## Prompt:
From the records below, transcribe only the lines running from the one with "A sessão ordinária" through the one with "U.S. President Donald". Keep both of those end lines.
Data provided Start Marker
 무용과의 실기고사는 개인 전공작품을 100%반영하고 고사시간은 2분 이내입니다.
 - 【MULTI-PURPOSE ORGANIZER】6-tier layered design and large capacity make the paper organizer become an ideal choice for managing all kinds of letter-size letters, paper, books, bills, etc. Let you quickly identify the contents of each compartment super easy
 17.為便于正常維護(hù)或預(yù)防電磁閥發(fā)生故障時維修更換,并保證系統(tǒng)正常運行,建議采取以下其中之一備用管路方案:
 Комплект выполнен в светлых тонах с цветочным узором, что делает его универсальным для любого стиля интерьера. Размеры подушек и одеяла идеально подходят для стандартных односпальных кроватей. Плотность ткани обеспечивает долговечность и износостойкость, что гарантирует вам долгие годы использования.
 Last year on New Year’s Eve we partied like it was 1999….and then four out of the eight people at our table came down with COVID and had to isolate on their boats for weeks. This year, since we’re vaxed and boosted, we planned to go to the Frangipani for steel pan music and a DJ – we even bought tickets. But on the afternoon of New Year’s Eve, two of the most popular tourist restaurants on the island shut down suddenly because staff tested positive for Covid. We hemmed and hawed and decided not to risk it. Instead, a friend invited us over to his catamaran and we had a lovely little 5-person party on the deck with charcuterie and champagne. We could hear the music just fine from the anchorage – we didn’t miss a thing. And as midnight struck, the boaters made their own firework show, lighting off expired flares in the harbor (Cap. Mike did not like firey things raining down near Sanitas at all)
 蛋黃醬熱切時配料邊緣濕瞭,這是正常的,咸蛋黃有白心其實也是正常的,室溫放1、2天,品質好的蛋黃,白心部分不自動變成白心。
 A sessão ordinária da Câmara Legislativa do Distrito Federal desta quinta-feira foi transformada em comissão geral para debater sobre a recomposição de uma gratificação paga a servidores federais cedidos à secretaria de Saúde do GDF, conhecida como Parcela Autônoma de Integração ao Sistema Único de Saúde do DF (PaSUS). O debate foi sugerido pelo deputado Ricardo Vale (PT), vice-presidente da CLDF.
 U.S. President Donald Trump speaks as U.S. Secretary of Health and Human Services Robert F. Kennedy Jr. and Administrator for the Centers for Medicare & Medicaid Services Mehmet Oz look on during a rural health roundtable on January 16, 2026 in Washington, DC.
Data provided End Marker
Data provided Start Marker
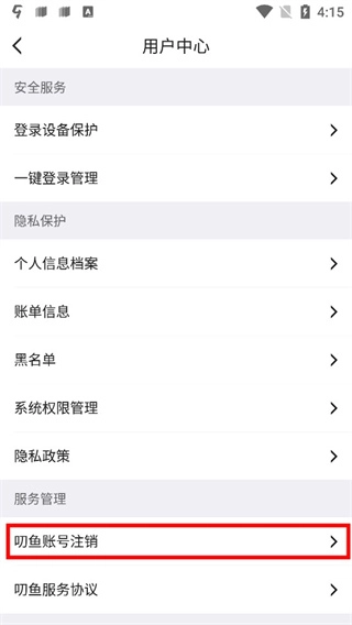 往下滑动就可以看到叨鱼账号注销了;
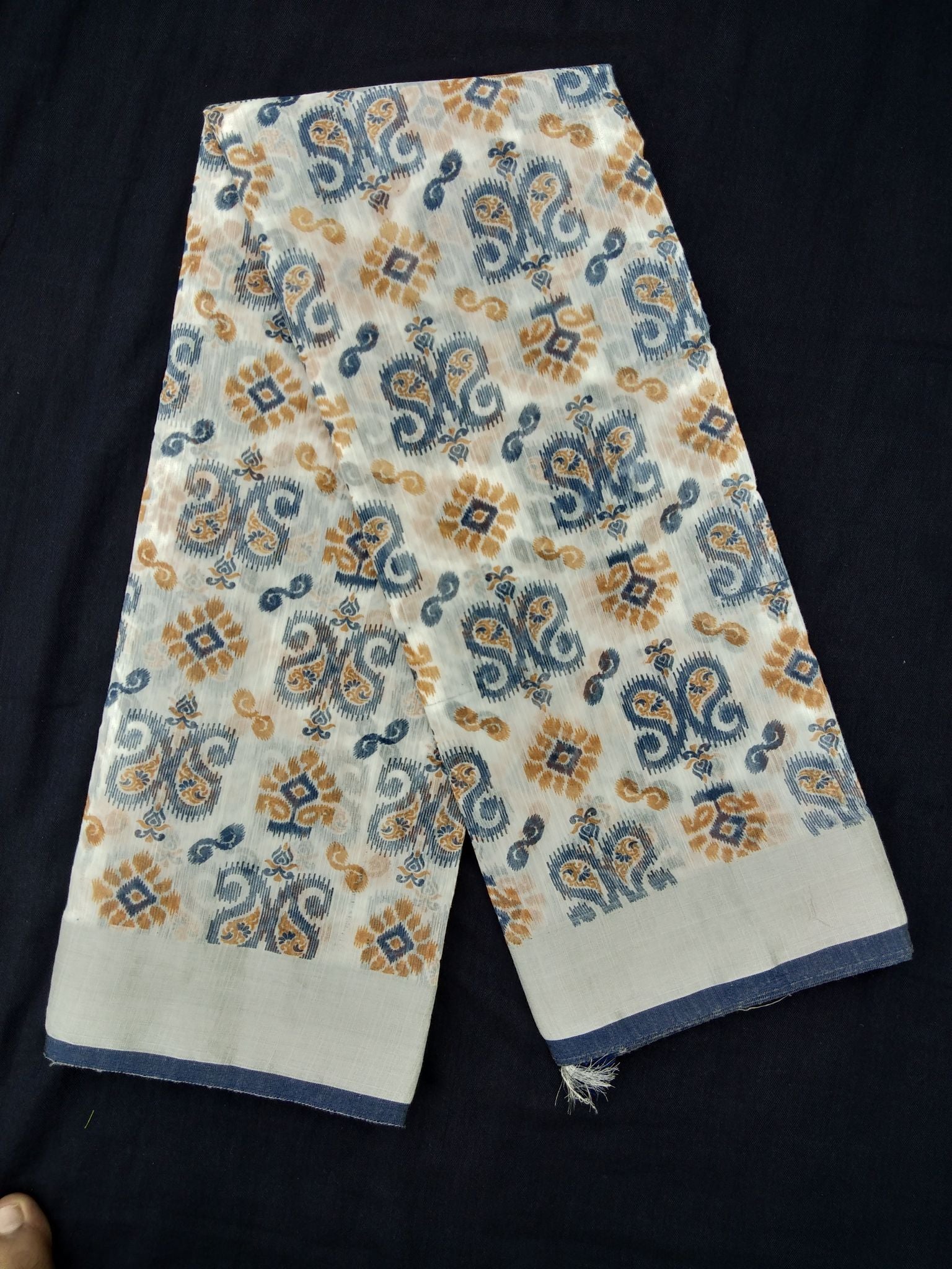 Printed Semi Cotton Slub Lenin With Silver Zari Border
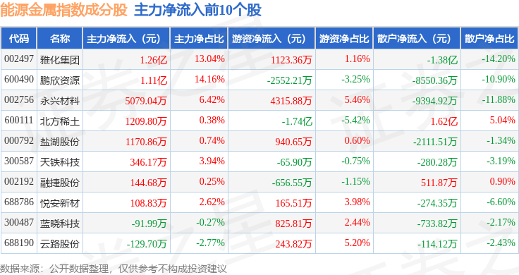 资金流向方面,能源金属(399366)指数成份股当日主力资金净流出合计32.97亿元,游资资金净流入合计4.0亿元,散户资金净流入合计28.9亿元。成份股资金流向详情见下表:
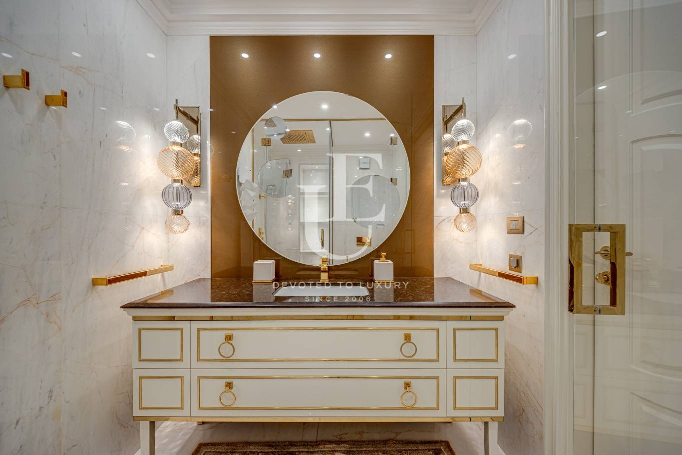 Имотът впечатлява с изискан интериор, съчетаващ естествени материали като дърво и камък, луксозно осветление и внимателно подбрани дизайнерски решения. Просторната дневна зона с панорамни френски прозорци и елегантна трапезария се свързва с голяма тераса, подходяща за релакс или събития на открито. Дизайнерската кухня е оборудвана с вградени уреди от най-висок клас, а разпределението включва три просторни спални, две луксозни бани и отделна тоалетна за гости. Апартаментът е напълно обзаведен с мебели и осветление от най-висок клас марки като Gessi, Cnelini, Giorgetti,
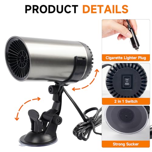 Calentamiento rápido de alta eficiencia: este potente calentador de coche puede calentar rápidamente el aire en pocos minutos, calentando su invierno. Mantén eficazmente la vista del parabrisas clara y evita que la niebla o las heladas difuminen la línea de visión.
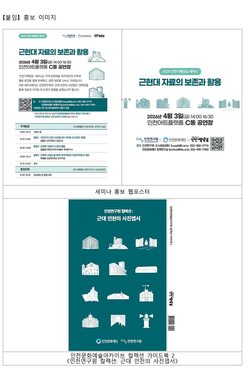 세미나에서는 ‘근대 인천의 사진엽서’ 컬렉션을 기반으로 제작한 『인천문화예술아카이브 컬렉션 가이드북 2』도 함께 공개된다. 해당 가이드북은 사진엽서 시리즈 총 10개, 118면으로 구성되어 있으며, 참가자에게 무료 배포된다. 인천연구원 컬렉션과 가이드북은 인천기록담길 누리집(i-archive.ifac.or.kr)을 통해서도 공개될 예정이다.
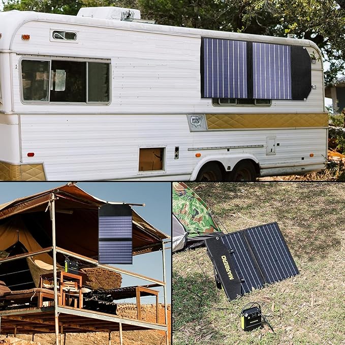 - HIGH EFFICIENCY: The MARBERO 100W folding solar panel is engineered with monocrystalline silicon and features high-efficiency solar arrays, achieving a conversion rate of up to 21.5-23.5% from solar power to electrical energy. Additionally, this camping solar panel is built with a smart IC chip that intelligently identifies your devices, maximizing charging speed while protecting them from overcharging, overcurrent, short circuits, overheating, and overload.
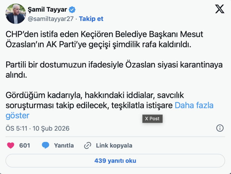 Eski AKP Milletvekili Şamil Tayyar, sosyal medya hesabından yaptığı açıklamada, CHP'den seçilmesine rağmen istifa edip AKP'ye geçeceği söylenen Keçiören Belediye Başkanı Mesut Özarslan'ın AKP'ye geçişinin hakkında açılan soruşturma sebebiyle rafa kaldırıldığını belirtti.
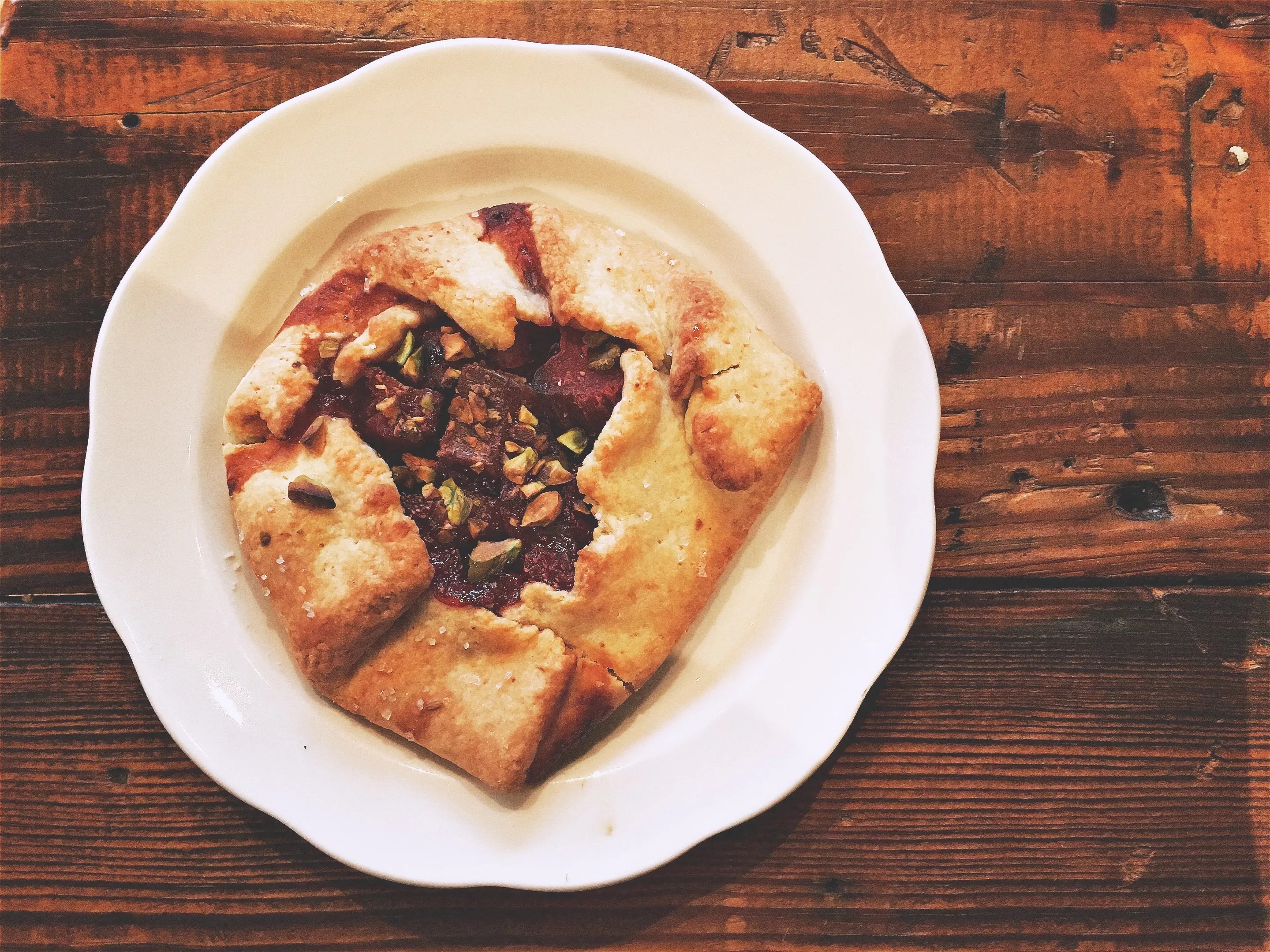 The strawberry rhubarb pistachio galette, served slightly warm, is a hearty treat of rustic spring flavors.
Data provided End Marker
Data provided Start Marker
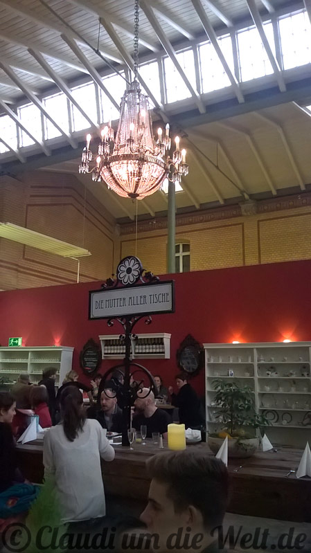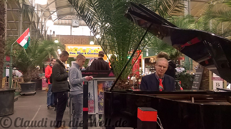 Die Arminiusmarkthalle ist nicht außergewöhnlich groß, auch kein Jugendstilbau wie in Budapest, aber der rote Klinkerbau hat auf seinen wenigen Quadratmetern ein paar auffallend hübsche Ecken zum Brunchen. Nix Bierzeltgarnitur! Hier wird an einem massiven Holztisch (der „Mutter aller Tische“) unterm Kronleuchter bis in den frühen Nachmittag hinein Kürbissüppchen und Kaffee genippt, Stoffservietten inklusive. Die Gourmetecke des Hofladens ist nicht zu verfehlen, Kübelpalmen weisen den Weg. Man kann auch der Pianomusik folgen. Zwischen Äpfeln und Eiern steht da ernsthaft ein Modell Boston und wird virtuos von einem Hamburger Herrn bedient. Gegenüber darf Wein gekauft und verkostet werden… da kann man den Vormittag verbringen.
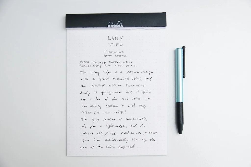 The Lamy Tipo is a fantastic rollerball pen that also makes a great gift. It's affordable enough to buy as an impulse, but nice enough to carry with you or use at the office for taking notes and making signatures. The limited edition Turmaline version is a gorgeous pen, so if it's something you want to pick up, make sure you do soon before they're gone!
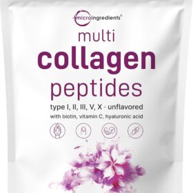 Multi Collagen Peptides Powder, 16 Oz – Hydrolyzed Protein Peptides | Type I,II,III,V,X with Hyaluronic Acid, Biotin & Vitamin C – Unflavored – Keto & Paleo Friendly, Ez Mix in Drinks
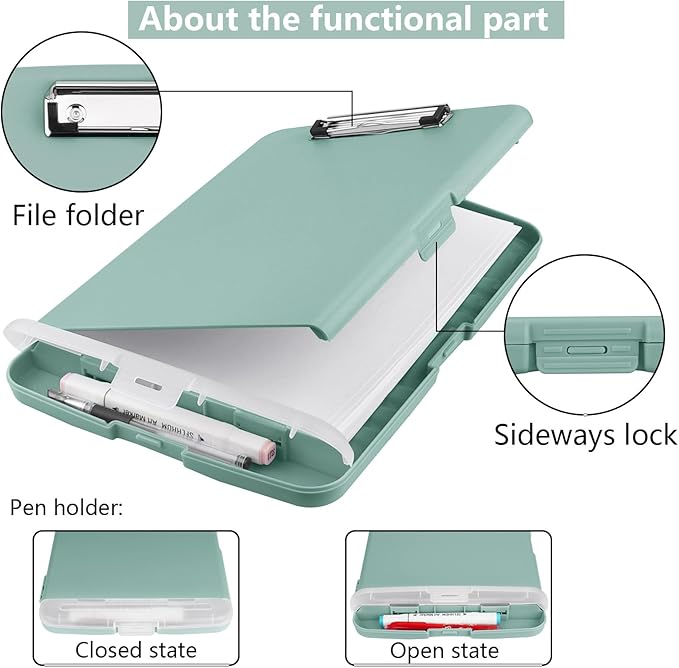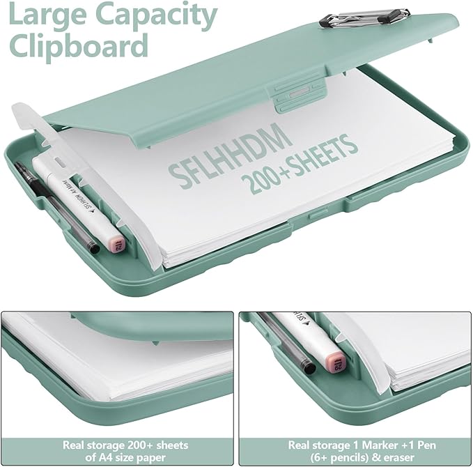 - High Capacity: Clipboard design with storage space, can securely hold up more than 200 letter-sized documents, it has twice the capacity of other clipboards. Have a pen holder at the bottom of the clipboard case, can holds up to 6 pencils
Data provided End Marker
## Result of this exercise:
 A sessão ordinária da Câmara Legislativa do Distrito Federal desta quinta-feira foi transformada em comissão geral para debater sobre a recomposição de uma gratificação paga a servidores federais cedidos à secretaria de Saúde do GDF, conhecida como Parcela Autônoma de Integração ao Sistema Único de Saúde do DF (PaSUS). O debate foi sugerido pelo deputado Ricardo Vale (PT), vice-presidente da CLDF.
 U.S. President Donald Trump speaks as U.S. Secretary of Health and Human Services Robert F. Kennedy Jr. and Administrator for the Centers for Medicare & Medicaid Services Mehmet Oz look on during a rural health roundtable on January 16, 2026 in Washington, DC.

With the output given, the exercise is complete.